I will open my mouth with a parable.” (Psalm 78: 1-2).

Asaph is a storyteller, the history of his people a story. Asaph has seen war and famine, he has seen the slavery and freedom of his people, he has seen sin and blessing, he has seen the rise and fall of Ephraim, he has seen the oppressed become the oppressors, and he has seen in the nation of Judah and King David the low brought high. Not only has Asaph seen and heard these things – he knows God. He knows God is intimately woven into the story of the people of Israel. As a storyteller, he looks back on all that he has seen and heard and tries to interpret where God is in that story. He knows that where there is famine there is God, where there is destruction there is God. God may not be the cause of destruction and famine. But God cannot be cut out of the parts of the story that make us uncomfortable.

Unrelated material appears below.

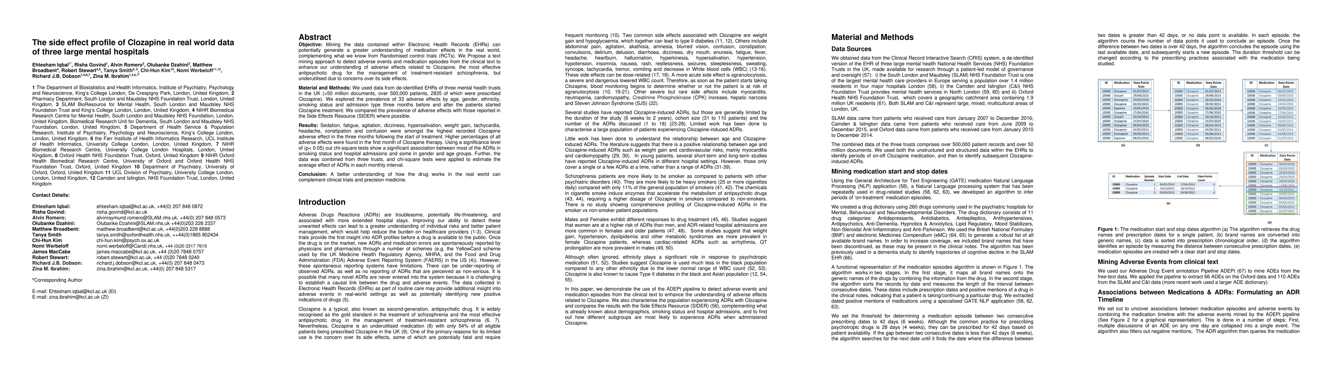 Objective: Mining the data contained within Electronic Health Records (EHRs) can potentially generate a greater understanding of medication effects in the real world, complementing what we know from Randomised control trials (RCTs). We Propose a text mining approach to detect adverse events and medication episodes from the clinical text to enhance our understanding of adverse effects related to Clozapine, the most effective antipsychotic drug for the management of treatment-resistant schizophrenia, but underutilised due to concerns over its side effects. Material and Methods: We used data from de-identified EHRs of three mental health trusts in the UK (>50 million documents, over 500,000 patients, 2835 of which were prescribed Clozapine). We explored the prevalence of 33 adverse effects by age, gender, ethnicity, smoking status and admission type three months before and after the patients started Clozapine treatment. We compared the prevalence of adverse effects with those reported in the Side Effects Resource (SIDER) where possible. Results: Sedation, fatigue, agitation, dizziness, hypersalivation, weight gain, tachycardia, headache, constipation and confusion were amongst the highest recorded Clozapine adverse effect in the three months following the start of treatment. Higher percentages of all adverse effects were found in the first month of Clozapine therapy. Using a significance level of (p< 0.05) out chi-square tests show a significant association between most of the ADRs in smoking status and hospital admissions and some in gender and age groups. Further, the data was combined from three trusts, and chi-square tests were applied to estimate the average effect of ADRs in each monthly interval. Conclusion: A better understanding of how the drug works in the real world can complement clinical trials and precision medicine.

In the twenty-first century, where do we see God? Do we see Him in the rise of nationalism, in the droves of refugees stumbling across oceans in search of a place to call home, or in the rabid, greed- fueled consumption of the natural world?

Where is God in the story of the United States? In His name, people came to the New World and committed genocide. In the pursuit of religious freedom and liberty, a nation was built on the backs of slaves. God did not cause any of this. But as Asaph points out, He sees all of it.

I believe the story of God will end in the redemption of not only all people, but also the natural world. I also believe there is something to be learned in the history of God’s people as told by Asaph. Where are we situated? Who do we identify with in Asaph’s story? Are we the nation of Judah led by King David?

Or are we the powerful nation of Ephraim that forgot all God has done for them?